After a wandering life devoted, in spite of scanty means, to the eager acquisition of knowledge, especially of Classical learning, he settled in Saxony in 1748. Here, close to Dresden with its art treasures, he obtained a position in the library of a count and had opportunities to visit the libraries and art collections of the capital.

He derived much benefit from his acquaintance with the painter Friedrich Oeser, by whom he was led to give his attention to the critical judgment of works of art and who stimulated him to write the work "Gedanken über die Nachahmung der griechischen Werke in der Malerei und Bildhauerkunst" (1755). In this book, written with extravagant enthusiasm for antiquity, the expression, "Noble simplicity and calm greatness of Greek statues ", occurs for the first time. Winckelmann was also a friend of the painter Dietrich and the archaeologist Heyne.

In 1754, after Winckelmann had become a Catholic, the king, to whom he had dedicated the work just mentioned, took more interest in him and granted a pension which enabled Winckelmann towards the end of 1755 to undertake his long-desired trip to Rome. By a careful study of the collections of painting at Rome, the libraries, the remains of ancient architecture, and especially the collections of antiquities at the Capitol, the Vatican, and the villas of the Borghesi, Medici, Ludovisi, etc. Winckelmann became the greatest authority in archaeology, a position which he maintained for many years. The painter Mengs did much to encourage his Classical taste, and Cardinal Albani, whose counsellor in learned matters Winckelmann became, proved himself a munificent patron. Winckelmann supervised the buildings erected by the cardinal, enriched his collections, and made known their value. He spent considerable time in Florence, cataloguing the collection of engraved gems belonging to Baron von Stosch. Of more importance were his journeys of investigation to Southern Italy, during which he studied the antiquities of Herculaneum, Pompeii, and Paestum. He was not able to make his much-desired visit to Sicily and Greece, yet this did not prove very detrimental to his life-work and his reputation. Although his history of art is based almost entirely upon the study of Roman works of art or Roman copies of Greek originals, yet with prophetic glance he had grasped the genuine spirit of antiquity.

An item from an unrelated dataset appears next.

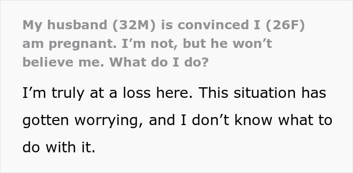 The author of the post is a 26-year-old woman whose husband wrongly believed that she was pregnant one day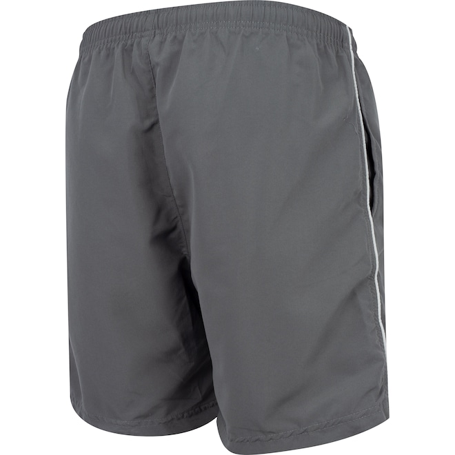 A bermuda masculina é em cós elástico e cordão, com cintura média.

As the first literary guide to ancient art, Winckelmann won such fame that several succeeding generations were satisfied to accept his deductions and criticisms without paying much attention to newer discoveries. As a matter of fact, the "Geschichte der Kunst des Altertums" (Dresden, 1764; with notes upon it, Dresden, 1867) compels admiration not only for the industry of the author, who completed the great work while producing other books on various subjects, but, above all, for the spirit in which he grasped and presented, in general correctly, the conception of art of classic times. Occasionally, however, his views are one-sided and extreme. In 1766 a French translation of his history of ancient art was printed at Paris and Amsterdam. In the first part of the work he takes up æsthetic questions and treats of the origin and form of art, and of the different types under which it appeared in various nations. According to him the first and most important point in works of art is the idea embodied, whether original or partly borrowed; the second is beauty, that is, the variety in the simplicity; the third, technic. In the second part of the history, Greek art alone is discussed and it is brought down to the time of the Emperor Severus and Constantinople. Winckelmann's "Monumenti antichi inediti" (2 vols., with 216 plates, Rome, 1767) is a masterpiece of interpretation and explanation. The great archaeologist died a devout and sincere Catholic (Historisch-politische Blätter, 1858, 299 sqq.)